没措施,玉人天生的优势。丝绝不给玉人体面的男子生一理一定有问题。
到了京城,亲眼见到沈迦叶,那叫一个惊为天人,情不自禁就发生“娶回家光是看看也够本儿了”的念头,挡都挡不住。
这才隔几个小时,就又一下子遇到一个不弱于古千柔只比沈迦叶低上一线的大玉人!
城里的玉人,还不何等?
“秀色可餐这个成语似乎是真的,我现在都不怎么饿了……可照旧要用饭才行啊!”翟家年笑笑,漫无目的地继续前进,如同孤魂野鬼,没个着落。
然后他就一脚踩到了一个手包。
“嗯?”翟家年将这刺绣手包捡起来,打开一看,“嘿哟我去,我这运气也真够好的,正缺用饭的钱,就捡到了。

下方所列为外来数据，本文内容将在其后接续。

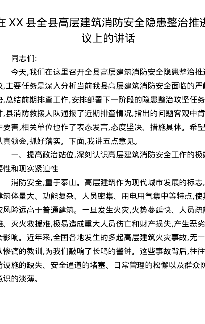 在XX县全县高层建筑消防安全隐患整治推进会议上的讲话

我还能说什么?”
“咦,尚有身份证?”翟家年将一张身份证抽出来,一看证件上那张脸,很眼熟。
再看名字——
“苏问河?”
“这包原来是刚刚谁人妹子掉的么?”
“恰好遇到我的时候掉了钱包,如果是居心的话,就是要讹我啊!”
“可是她都上车走了,还怎么讹我?所以真相只有一个!”
“她是真的碰巧掉的!”
翟家年手托下巴,眼眸闪烁着犀利的微光,如名侦探附体一般。
然后他就又一次叹息了:“这说明什么?说明我跟她,不只是一面之缘,而是有更深层的缘分在内里。否则这钱包早不掉晚不掉,偏偏遇到我的时候掉?”
“那么问题来了,我是先拿着她的钱去用饭呢,照旧现在就去还给她?”
恰好有出租车经由,翟家年没再多想,拦了就上,从手包里抽出一张钞票,就道:“跟上前面那辆车!”
司机茫然,望着前方:“哪……有车?”
“没时间解释了,就往前开,他们还没走多远。”
“哦,好……”
片晌后,前方是一个分岔路口。
司机:“老板,往哪边?”
翟家年伸手朝外一抓空气,放鼻子前闻了闻,说道:“我闻到她残留的香味了,应该是右边!”
司机:“……”
横竖只是赚钱,管他是不是神经病,司机凭证翟家年的指引,一路疾驰。
最后,目力惊人的翟家年探头一瞧,就道:“就是那辆车,速度再快点,前面左转弯。”
这下不会跟丢了。
就在距离那辆车尚有四五十米的时候,那辆车直接驶入一栋大楼的地下停车场入口。
而这辆出租车却被挡在了外面,有保安板着扑克脸站出来,做出克制外来车辆驶入的手势。
翟家年便付了车费下车,然后对保安说道:“前面那辆车内里有个妹子掉了钱包,我拾金不昧地送来了。”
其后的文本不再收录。